I cut up the bacon, cooked it well to render the fat, and discarded most of the fat. Then added to the pan chopped green peppers, chopped fennel parts, chopped parsley stalks and leaves, sliced red onions, sliced carrots. Now that's heavy duty aromatics. Looked pretty.

Then I added the chana dal without pre-cooking it. It works, but it takes quite a long time to cook. Not like lentils.

I added a bit of water, and simmered until the chana dal was done.

It tasted very nice, but it was one of those days when I needed something sharp and strong.  I remembered that I had some chimichurri which had been sitting in the fridge. Dumped it all in there. Now we had more herbs, lots of garlic, and some acid. That was what it needed.

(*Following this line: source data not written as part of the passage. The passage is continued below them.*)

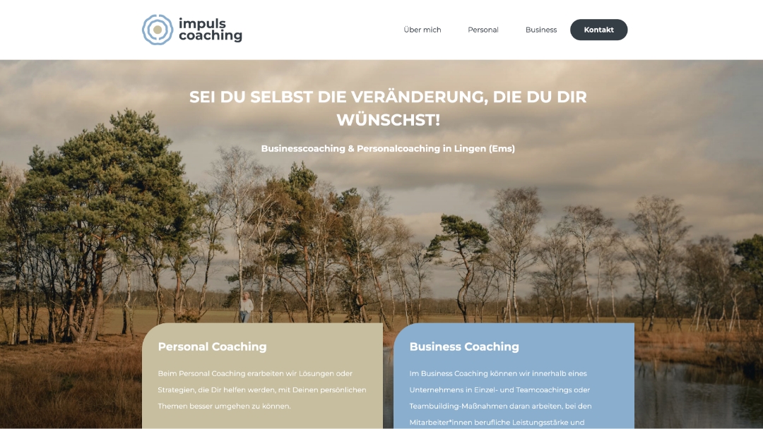 Im engen Austausch entstand ein klar strukturiertes Corporate Design, das Vertrauen schafft und die Haltung von Impuls Coaching sichtbar macht. Ergänzt wurde die Gestaltung durch einen stimmigen Webauftritt sowie eine umfassende Beratung und Begleitung über alle Projektphasen hinweg.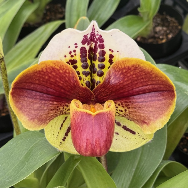 最初の点花ですが、Majestic Worldを使った交配の1つ目の最初の開花個体です。点は綺麗ですが・・・。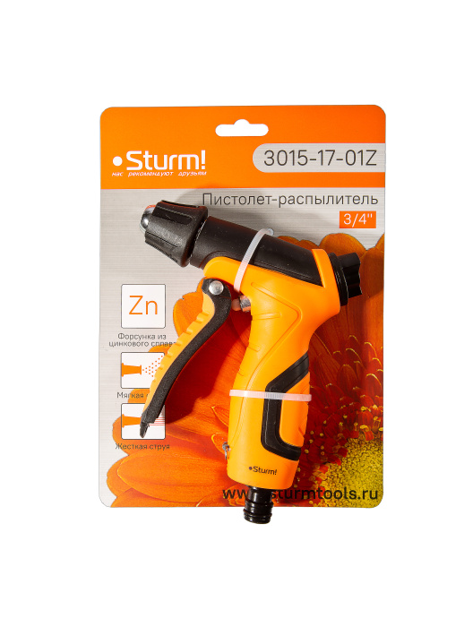 Артикул : 3015-17-01Z |Производитель : Sturm! |Назначение : Он используется для полива садовых и огородных участков, а также применяется в парках и скверах. Пистолет для полива сочетает в себе надежное исполнение, эргономичный дизайн. |Габариты в упаковке (ДхШхВ, см) : 24 X 17 X 4 |Основной штрихкод : 4603010119661 |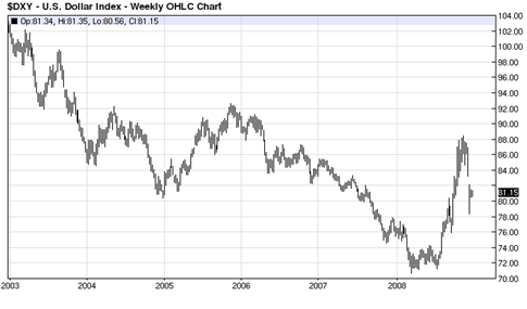 Today we actually have the reverse scenario: the dollar index is rising as the yen and euro currencies are falling. The carry trade is to borrow (short) the yen and euro and buy higher-yielding dollar-denominated assets. Therefore, the next economic collapse will reverse this carry trade.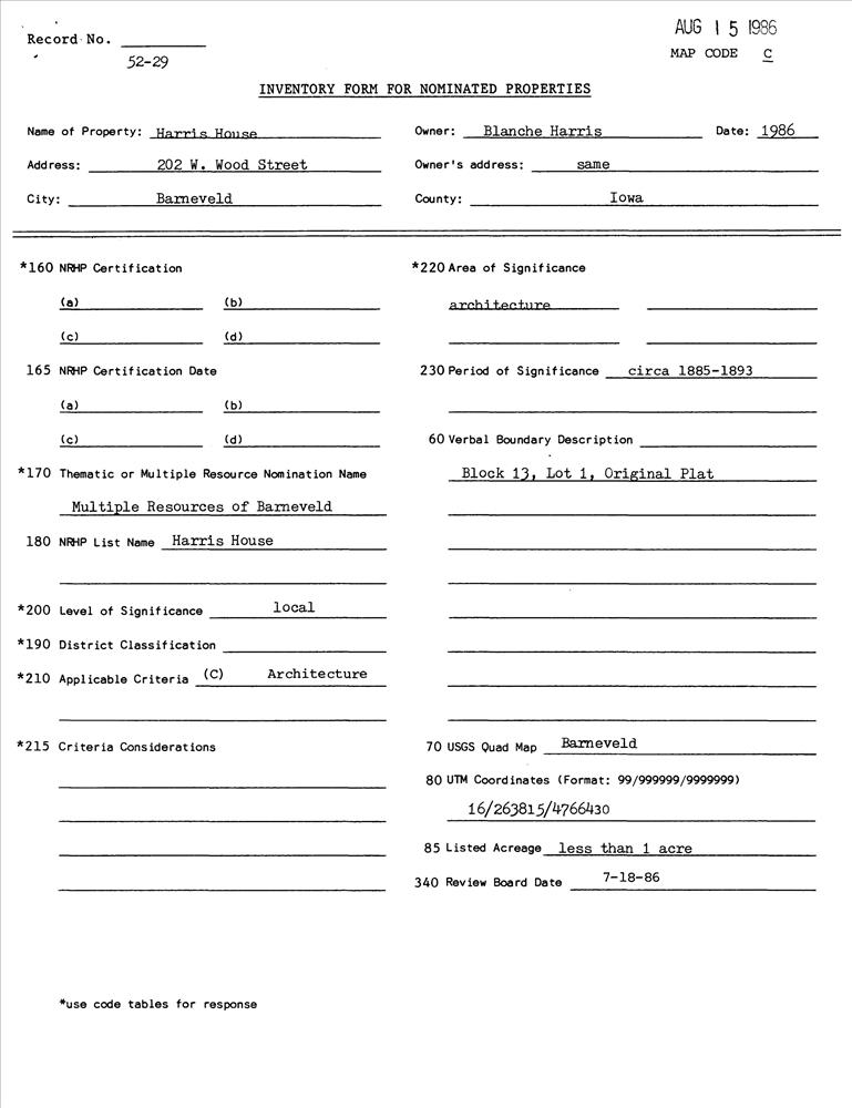 Barneveld ; 202 W. Wood St.

What starch to accompany it? I don't know how this happened, but I was out of bulgur. But I had farro. I had used some of it when I was baking bread, and now it was time to see how it cooked into a pilav. I kept it simple. Added some tomato paste and a bouillon cube to the olive oil in the pan, added 2 cups of water and brought it to a boil, then put in 1 cup of farro. Turned it down and let it simmer until done. Verdict? Unexciting but very pleasant. Nice toothiness -  texture not as chewy as wheat berries but more 'alive' than bulgur. The more I ate it, the more I liked it as an accompaniment to something else with rich flavours. Just right for the chana dal.

So I had a delicious dinner. Patted myself on the back for cooking something so healthy (and frugal, though I must admit that's not a major concern when it comes to food) with whatever was lying around.

And then it hit me. True, a dish made out of staples and left overs. True, it tasted excellent. But it was way too complex. Somehow I yearned for something naked and pure and simple. And then my daughter posted about simple pleasures. Yup, we're like that, my baby and I.